My monthly collection of odds and ends on harlotry and related topics.

The View from the North

While the Canadian government does its best this week to imitate the prohibitionist insanity of its southern neighbor*, the majority of the Canadian people (70% in this online poll) lean more in the direction Australia has taken.  And while the typical viewpoint of the American mainstream media is amply demonstrated by the next item in today’s column, the typical view of the Canadian media is demonstrated by this June 3rd editorial from the Globe and Mail entitled “Why the Courts Must Decriminalize Prostitution”.  Just imagine an American newspaper of equal stature printing an editorial whose thrust is summed up by the sentence “If you listen to the people most affected – the prostitutes – it becomes clear that the rational thing is to destigmatize the oldest profession, to help it be practised more safely and sanely, as the normal part of Canadian life that, like it or not, it is.”  Such an editorial would be greeted in the US by missives from outraged Puritans demanding the cancellation of their subscriptions, bleats and moans from trafficking fetishists moaning “Think of the millions of enslaved children!” and moronic replies on the online version of the column.  Nor are Canadian academics cowed by neofeminists as their American colleagues are; this study from the Canadian Review of Sociology demonstrated that most prostitutes are consenting adults who do the work to pay the bills like any other job, that only about 15% are streetwalkers, and that very few are forced into the work by men.  I certainly hope you aren’t surprised.

*Incidentally, the first day of that trial didn’t go too well for the Crown; the chief judge kept interrupting with questions like, “Isn’t it self-evident the laws produce harm and don’t protect sex workers?  If it’s legal, why would you want to make it impossible for them to work?  Isn’t this like passing a law to prevent store owners installing security?”

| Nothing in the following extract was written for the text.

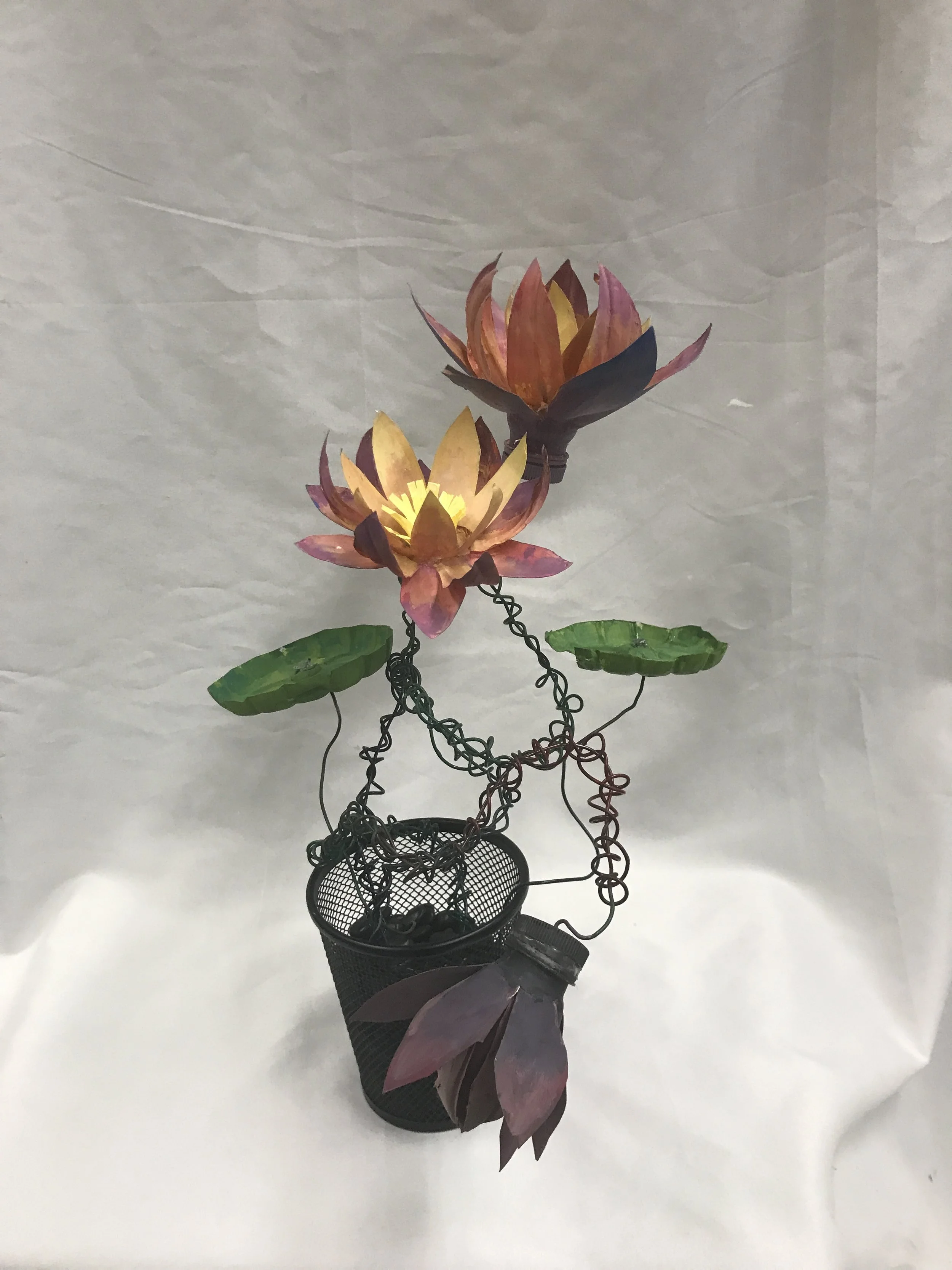 Inspired by Mark Quinn’s use of imperfections in The Chromatic Nurseries of El Dorado (2008), this 3D plant symbolizes the uncertainty and disorder found in recovery from grief. Some lotus flowers struggle to grow upwards, while one wilts away in the process. The lotuses are intertwined with one another, suggesting the idea that the healing process can include both progress and obstacles. -

The Leading Players in the Field, Not

Meanwhile, in the United States, the New York Times published a story about the newest “documentary” in CNN’s Hearstian campaign against “human trafficking”, uncritically reporting that:

Tony Maddox…of CNN International, said of the documentary:  “This wasn’t, ‘We’ll get more publicity if we work with someone high profile, so let’s go find someone high profile.’  This was, ‘Who are the leading players in this field?’ ”  One of them, he said, happened to be a famous actress.

Gee, wasn’t that convenient?  Demi Moore, a “leading player in the field”?  Riiiiiiiiight.  I guess Tony Maddox didn’t dare call on real “leading players” like Laura Agustín or Ann Jordan, because they’d tell him that his manufactured “crisis” doesn’t actually exist and that would be bad for ratings.  An oh-so-sincere Hollywood actress, on the other hand, can be paid to mouth any drivel she’s handed and if it’s already her own pet witch-hunt, that’s even better.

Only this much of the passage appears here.